* _Problem description_: For the records below, print the lines from the line with "太平鸟男装 毛领羽绒服男2025年冬季新款保暖短款立领面包防寒服" through the line with "Κόκκινα και κρεμ" exactly as written; include both end lines and exclude the rest.

* _Input material_:

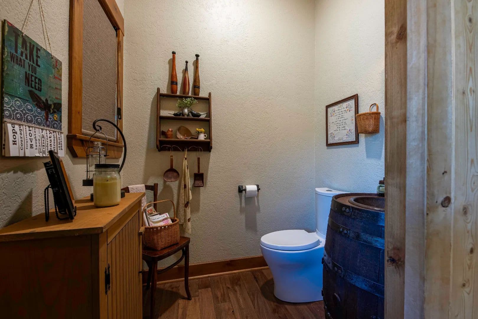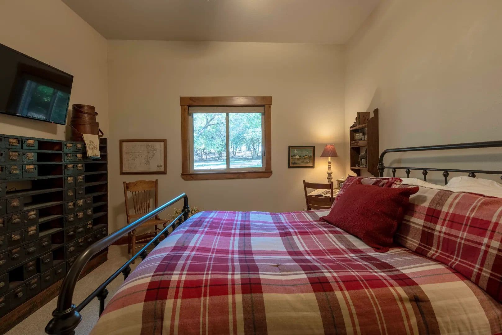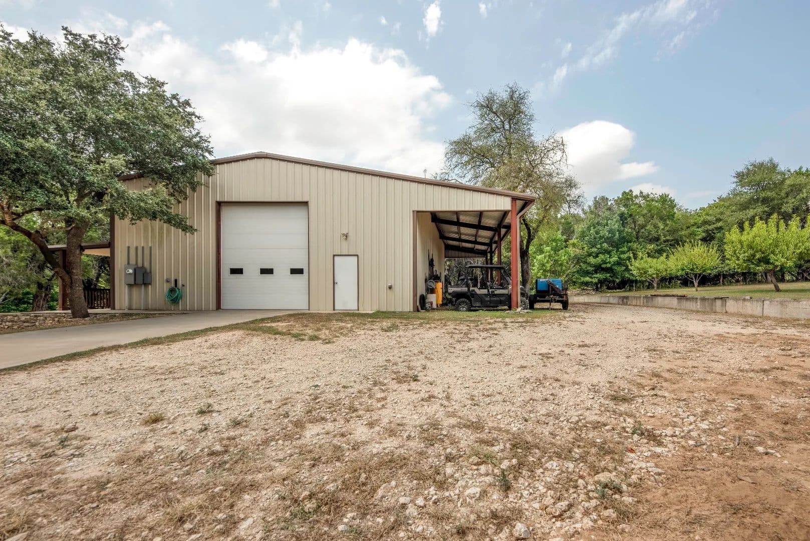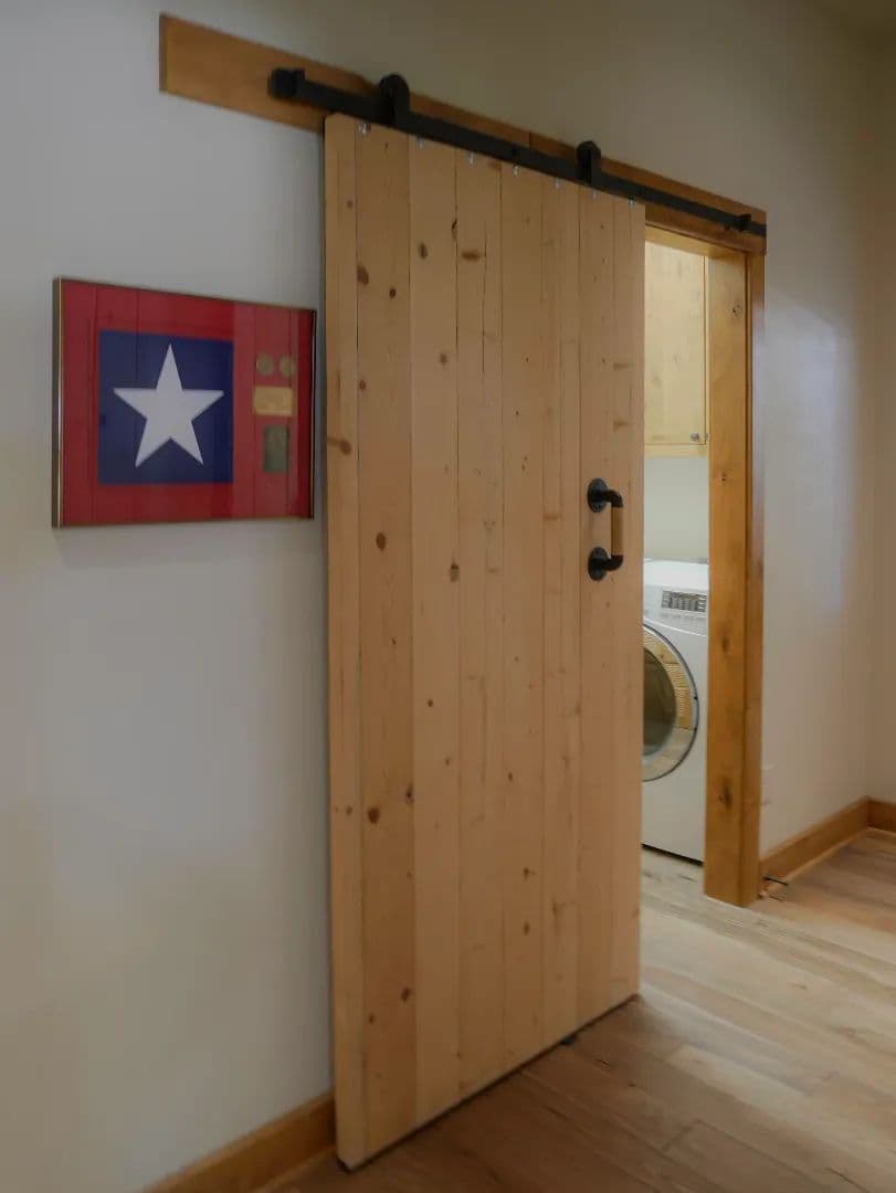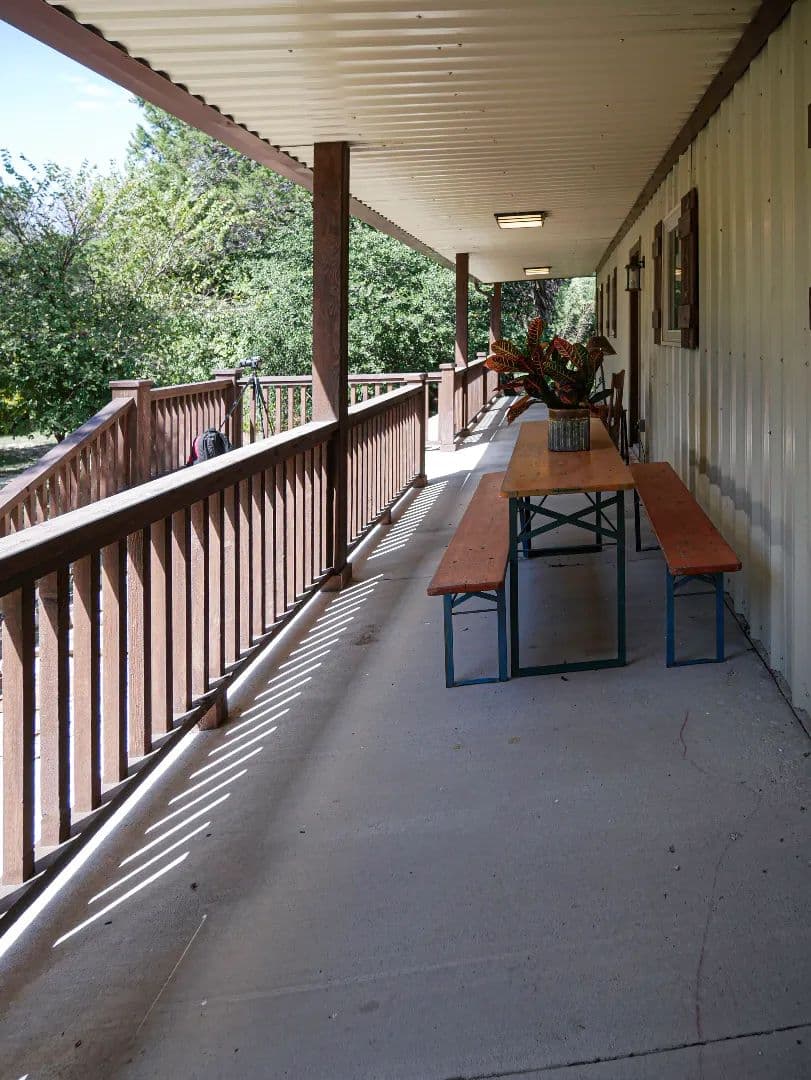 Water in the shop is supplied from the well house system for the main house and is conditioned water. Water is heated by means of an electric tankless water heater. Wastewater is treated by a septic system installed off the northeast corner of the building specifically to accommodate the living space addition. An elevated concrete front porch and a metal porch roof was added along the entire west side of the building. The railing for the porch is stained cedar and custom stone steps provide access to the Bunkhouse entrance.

* * *

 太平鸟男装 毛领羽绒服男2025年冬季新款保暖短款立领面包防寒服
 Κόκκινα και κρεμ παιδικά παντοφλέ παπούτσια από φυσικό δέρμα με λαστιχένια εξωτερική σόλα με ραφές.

* _Task result_:
 太平鸟男装 毛领羽绒服男2025年冬季新款保暖短款立领面包防寒服
 Κόκκινα και κρεμ παιδικά παντοφλέ παπούτσια από φυσικό δέρμα με λαστιχένια εξωτερική σόλα με ραφές.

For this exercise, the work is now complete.